Go to File > Print from the menu bar in your web browser to print this page.
Step 1. Run Apple Diagnostics on your MacBook Pro
Apple Diagnostics is built into every Mac from 2013 or later. It checks all the internal hardware in your MacBook Pro, testing for issues with the logic board, memory, Wi-Fi card and other components.
After the diagnostic checks are complete, Apple Diagnostics gives you a list of error codes — if any — and presents a link to get in touch with Apple Support.
What if my MacBook Pro is from before 2013?
You can check the year your MacBook Pro came out by going to > About This Mac. If your MacBook Pro is from before 2013, you can use Apple Hardware Test instead of Apple Diagnostics.
Apple Hardware Test is essentially an older version of Apple Diagnostics; it checks each internal component on your MacBook Pro looking for any issues.
If your MacBook Pro is running OS X 10.8.4 (Mountain Lion) or later, you can run Apple Hardware Test using the Apple Diagnostics instructions below.
Otherwise, you need to use the disc or USB flash drive that came with your Mac. Which you can do by holding option while your Mac boots up.
How do I prepare my MacBook Pro for Apple Diagnostics?
Apple Diagnostics only tests the internal hardware on your MacBook Pro.
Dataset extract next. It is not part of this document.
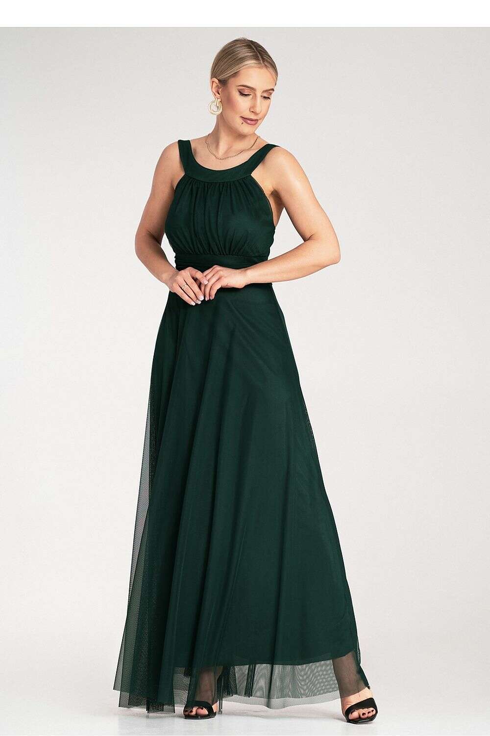 Elegant maxi dress made of light, flowing material. The top subtly ruched with wide straps and a high neckline. The model has a tailored, ruched waistband.

Disconnect all external devices from your computer except for a keyboard, mouse, display, or set of speakers. Otherwise they may interfere with the tests.
It’s advisable to connect your MacBook Pro to the power adapter, ensuring it doesn’t run out of battery throughout the diagnostics.
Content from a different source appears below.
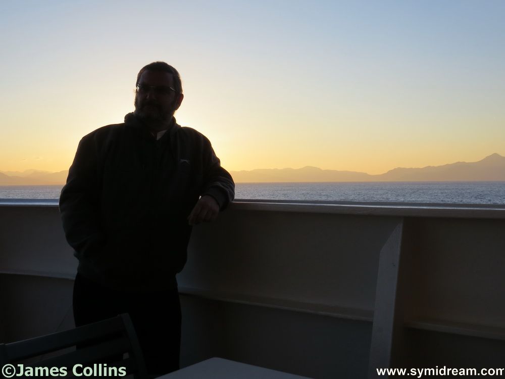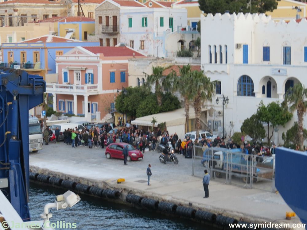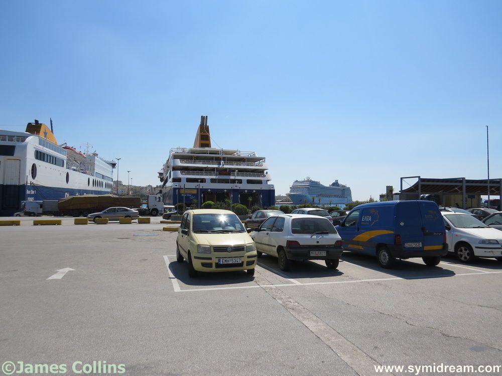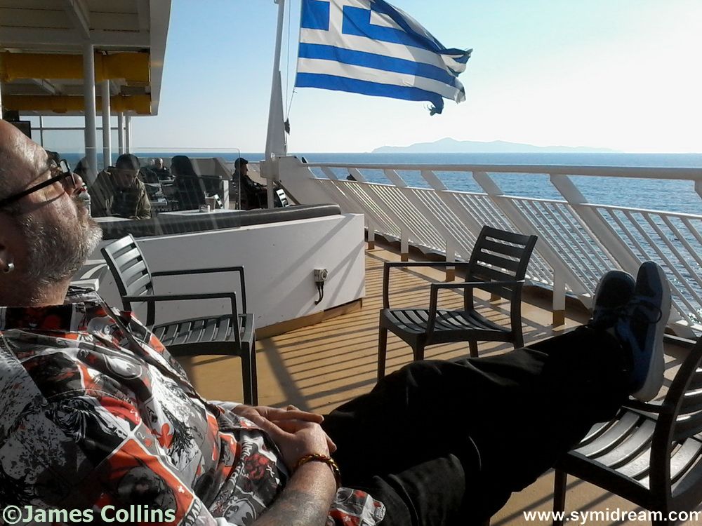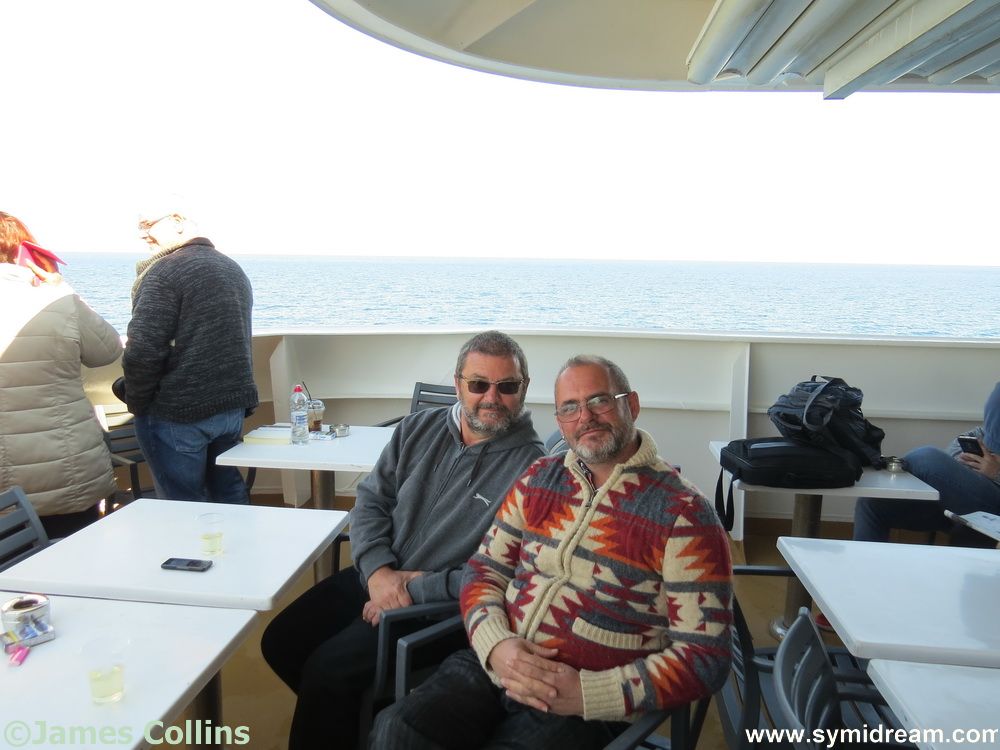 Cabin sorted, we went to watch the ferry load from one of the stern decks. There are a couple of these, plenty of outside space and a bar. The boat left late due to the amount of loading going on, and we spent an entertaining two hours watching it all. We were in no hurry but, as it turned out, the boat made up the time, and we arrived on Symi on schedule. Well, it is all downhill. A very nice young chap from Rhodes offered to take our photo together, which you can see here among the many others, and it turns out his girlfriend is from Symi, but he was going straight on to Rhodes.

Finally, make sure your MacBook Pro is well-ventilated and placed on a hard, flat, and stable surface.
How do I run Apple Diagnostics or Apple Hardware Test?
- From the menu bar on your MacBook Pro, go to > Restart.
- Confirm you want to restart your MacBook Pro, then press and hold the D key as soon as the screen goes black.
- Keep holding D until a screen with languages appears.
- Select your preferred language.
- Apple Diagnostics begins automatically, but for Apple Hardware Test you need to hit the Return key to start it.
- When the tests finish — usually after about ten minutes — make a note of any error codes you get.
- If you want to arrange a repair, click ‘Get Started’ and follow the onscreen prompts to book a Genius Bar appointment.
- Otherwise, choose to ‘Shut Down’ or ‘Restart’ your MacBook Pro.
What if the diagnostics didn’t work?
If Apple Diagnostics or Apple Hardware Test didn’t work, repeat the instructions again but hold option+D when your MacBook Pro boots up instead. This runs the tests over an Internet connection.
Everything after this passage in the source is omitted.